GIVEN RECORDS:
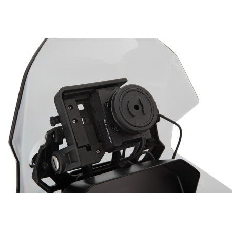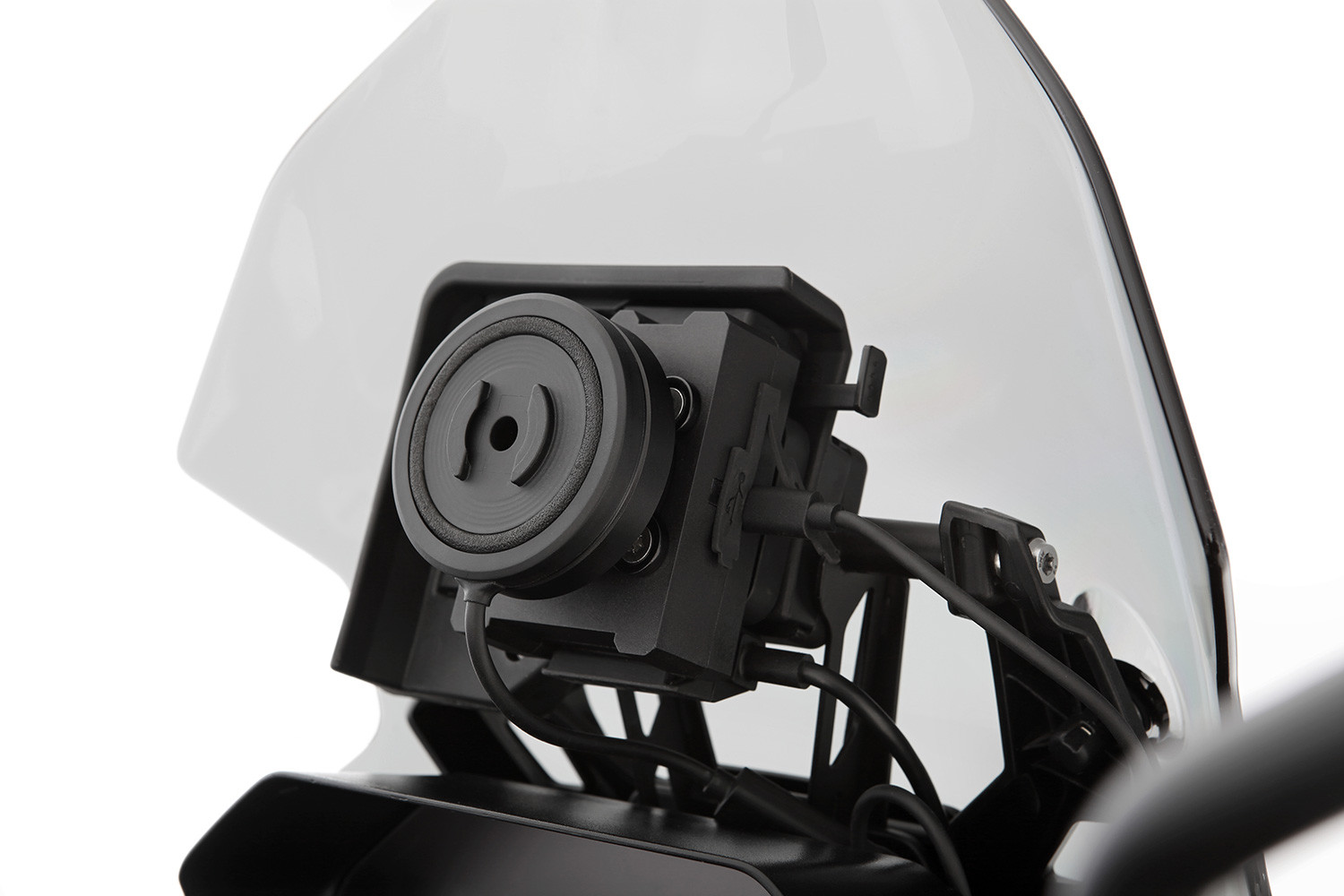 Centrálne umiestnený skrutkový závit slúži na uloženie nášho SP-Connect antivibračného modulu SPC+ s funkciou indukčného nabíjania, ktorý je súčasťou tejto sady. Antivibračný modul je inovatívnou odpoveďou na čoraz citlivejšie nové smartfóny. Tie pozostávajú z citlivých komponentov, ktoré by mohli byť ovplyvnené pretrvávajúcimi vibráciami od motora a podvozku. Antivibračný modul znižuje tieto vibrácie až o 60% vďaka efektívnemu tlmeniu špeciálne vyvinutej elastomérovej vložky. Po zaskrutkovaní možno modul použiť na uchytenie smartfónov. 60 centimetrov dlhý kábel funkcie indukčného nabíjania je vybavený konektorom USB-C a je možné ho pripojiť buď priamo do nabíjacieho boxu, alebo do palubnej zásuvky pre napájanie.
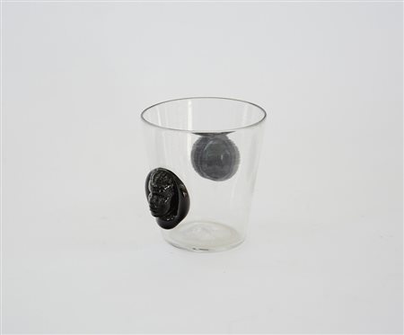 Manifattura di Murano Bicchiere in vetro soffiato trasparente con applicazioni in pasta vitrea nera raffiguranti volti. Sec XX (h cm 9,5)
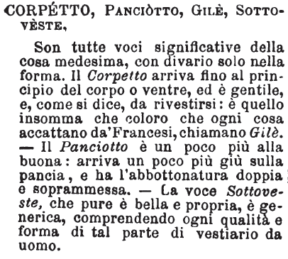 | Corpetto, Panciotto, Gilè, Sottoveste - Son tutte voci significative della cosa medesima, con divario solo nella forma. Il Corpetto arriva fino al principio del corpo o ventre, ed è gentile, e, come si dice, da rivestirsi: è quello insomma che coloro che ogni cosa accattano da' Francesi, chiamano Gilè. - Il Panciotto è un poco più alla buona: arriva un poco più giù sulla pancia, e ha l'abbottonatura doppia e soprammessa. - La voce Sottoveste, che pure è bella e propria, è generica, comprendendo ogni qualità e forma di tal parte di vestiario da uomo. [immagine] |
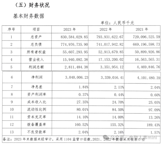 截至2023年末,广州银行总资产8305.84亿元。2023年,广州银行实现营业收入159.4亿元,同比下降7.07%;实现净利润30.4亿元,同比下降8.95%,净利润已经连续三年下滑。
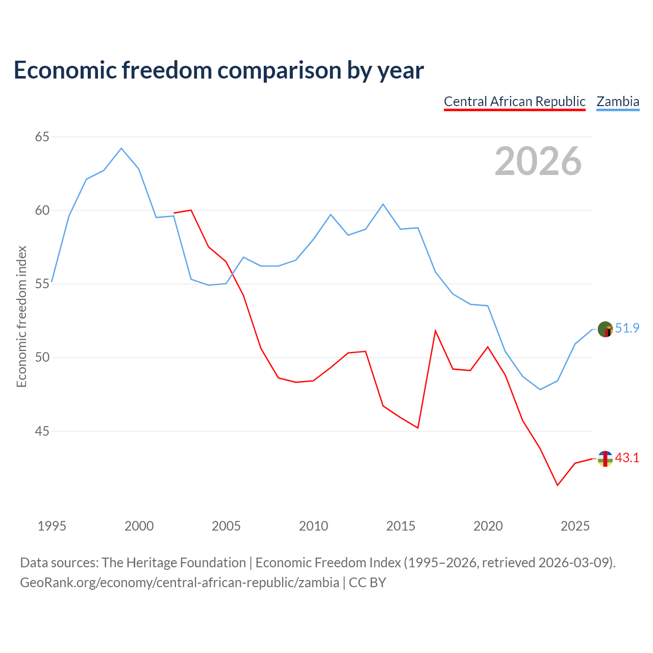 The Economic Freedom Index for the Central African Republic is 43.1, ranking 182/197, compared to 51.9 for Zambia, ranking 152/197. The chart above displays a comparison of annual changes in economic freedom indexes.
---
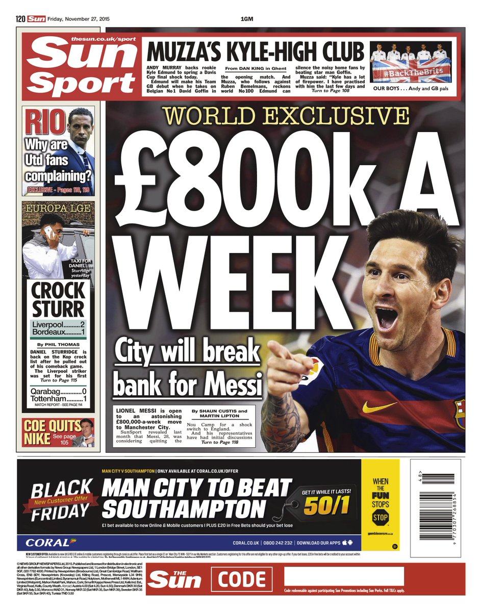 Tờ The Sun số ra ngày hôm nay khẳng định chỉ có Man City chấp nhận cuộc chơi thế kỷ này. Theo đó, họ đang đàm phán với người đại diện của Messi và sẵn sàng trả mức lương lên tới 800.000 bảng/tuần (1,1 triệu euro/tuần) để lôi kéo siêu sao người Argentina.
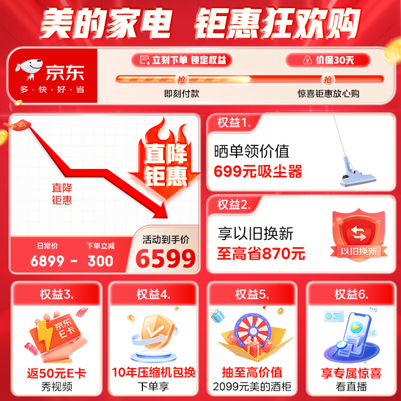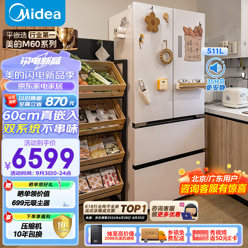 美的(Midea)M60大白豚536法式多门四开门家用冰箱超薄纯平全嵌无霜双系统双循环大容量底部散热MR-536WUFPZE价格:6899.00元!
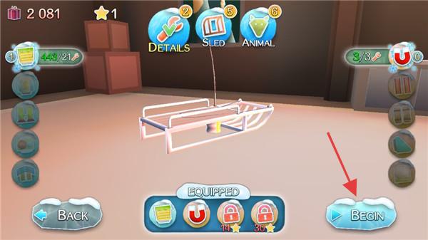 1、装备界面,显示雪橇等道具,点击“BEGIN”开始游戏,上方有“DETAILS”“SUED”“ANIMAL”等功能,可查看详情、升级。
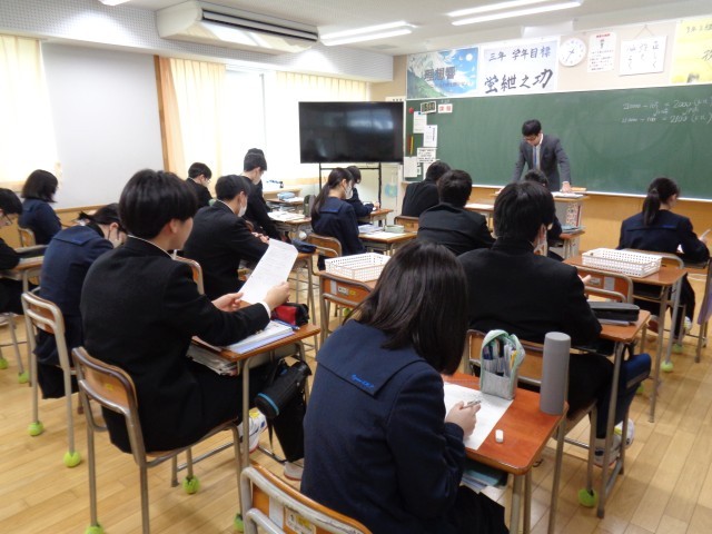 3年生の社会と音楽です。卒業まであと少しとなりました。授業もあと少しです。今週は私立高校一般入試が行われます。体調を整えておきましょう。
...
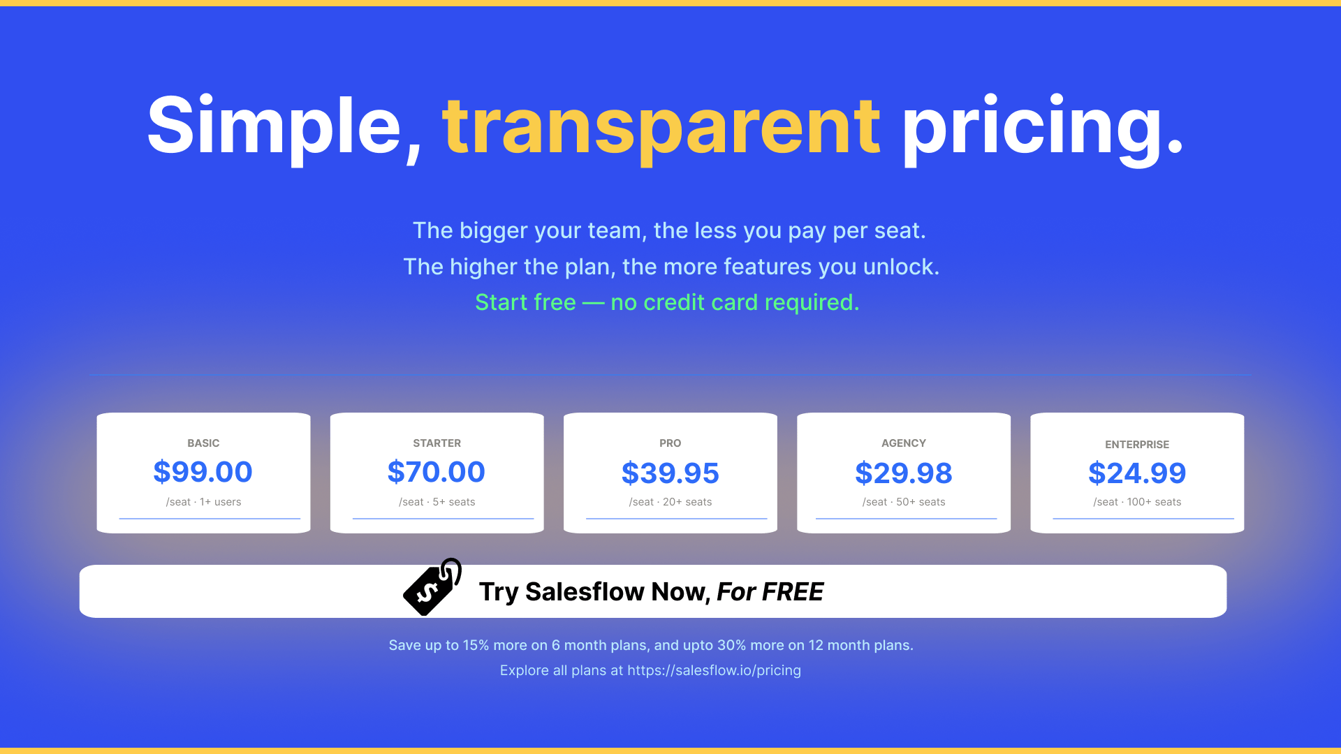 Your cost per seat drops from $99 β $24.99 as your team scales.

INSTRUCTIONS TO FOLLOW:
From the records above, write out exactly the lines that begin at the line with "截至2023年末,广州银行总" and end at the line with "The Economic Freedom". Pictures must not appear in the output.

OUTPUT FOR THIS EXERCISE:
 截至2023年末,广州银行总资产8305.84亿元。2023年,广州银行实现营业收入159.4亿元,同比下降7.07%;实现净利润30.4亿元,同比下降8.95%,净利润已经连续三年下滑。
 The Economic Freedom Index for the Central African Republic is 43.1, ranking 182/197, compared to 51.9 for Zambia, ranking 152/197. The chart above displays a comparison of annual changes in economic freedom indexes.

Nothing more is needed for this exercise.